The Baltimore and Ohio Railroad (now CSX Transportation) entered Connellsville on the right (east) side of the Youghiogheny River. This main line originated in Baltimore, passed through Cumberland, Maryland heading west followed the river to Pittsburgh, then continuing on to Chicago.

The Pennsylvania Railroad's Southwest branch from Greensburg entered Connellsville from Connellsville Township, crossing Route 119 and the North End, then crossing the Youghiogheny on a trestle in the middle of the town; this line terminated in Uniontown, Pennsylvania. The line has been abandoned, and the trestle was demolished in the late 1980s. It remains as a coal loading facility behind the location of the former Back Creek Lumber Co where the line was severed. This line is now operated by the Southwest Pennsylvania Railroad.

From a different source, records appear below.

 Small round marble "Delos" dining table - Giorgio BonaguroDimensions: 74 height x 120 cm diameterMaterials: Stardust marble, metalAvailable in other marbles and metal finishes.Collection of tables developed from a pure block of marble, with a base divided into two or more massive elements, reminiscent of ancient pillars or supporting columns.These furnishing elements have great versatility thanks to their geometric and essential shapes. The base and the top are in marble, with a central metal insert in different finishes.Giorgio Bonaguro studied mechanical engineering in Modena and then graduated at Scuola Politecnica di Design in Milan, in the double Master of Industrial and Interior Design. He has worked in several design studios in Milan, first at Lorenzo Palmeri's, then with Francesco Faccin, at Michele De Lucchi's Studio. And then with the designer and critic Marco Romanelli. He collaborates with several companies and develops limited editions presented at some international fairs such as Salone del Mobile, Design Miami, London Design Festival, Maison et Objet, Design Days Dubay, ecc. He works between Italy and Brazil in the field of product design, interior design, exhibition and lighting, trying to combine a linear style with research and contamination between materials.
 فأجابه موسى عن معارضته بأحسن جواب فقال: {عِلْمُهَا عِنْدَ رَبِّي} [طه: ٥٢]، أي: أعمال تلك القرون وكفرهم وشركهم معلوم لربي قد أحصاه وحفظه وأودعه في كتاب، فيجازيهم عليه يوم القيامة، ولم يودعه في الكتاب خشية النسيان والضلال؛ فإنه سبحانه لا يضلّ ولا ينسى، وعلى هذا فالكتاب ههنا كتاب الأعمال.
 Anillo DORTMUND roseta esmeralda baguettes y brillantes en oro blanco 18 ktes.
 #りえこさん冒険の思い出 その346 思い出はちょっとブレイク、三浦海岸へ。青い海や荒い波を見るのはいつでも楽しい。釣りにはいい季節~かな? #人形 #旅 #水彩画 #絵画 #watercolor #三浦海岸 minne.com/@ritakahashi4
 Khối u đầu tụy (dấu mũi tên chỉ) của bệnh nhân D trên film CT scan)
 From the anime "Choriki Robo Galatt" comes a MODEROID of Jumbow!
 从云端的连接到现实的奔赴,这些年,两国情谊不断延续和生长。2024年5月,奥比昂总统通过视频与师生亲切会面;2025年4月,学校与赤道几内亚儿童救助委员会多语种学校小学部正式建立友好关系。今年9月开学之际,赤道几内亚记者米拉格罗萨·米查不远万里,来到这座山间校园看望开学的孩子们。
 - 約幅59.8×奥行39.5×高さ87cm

The Western Maryland Railroad's line crossed the Alleghenies from Cumberland and entered Connellsville on the right side of the Youghiogheny River, connecting with two separate railroad companies. The first connection was with the Pittsburgh and Lake Erie Railroad's line from Pittsburgh which continued down the right side of the river to Pittsburgh. This was in direct competition with the B & O directly across the river. The second connection of the Western Maryland was to the Norfolk and Western Railroad which crossed the river to the left side on the former Pittsburgh & West Virginia railroad bridge.

The Norfolk & Western branch was acquired by the Wheeling and Lake Erie Railroad, which built a new connection on the left side of the river to CSX, which severed the old line across the bridge. This historic bridge is now threatened with demolition. Several of these former railway lines have been abandoned and the right of way acquired for other uses. The former Western Maryland Railroad and Pittsburgh & Lake Erie lines are now the part of the Youghiogheny River Trail.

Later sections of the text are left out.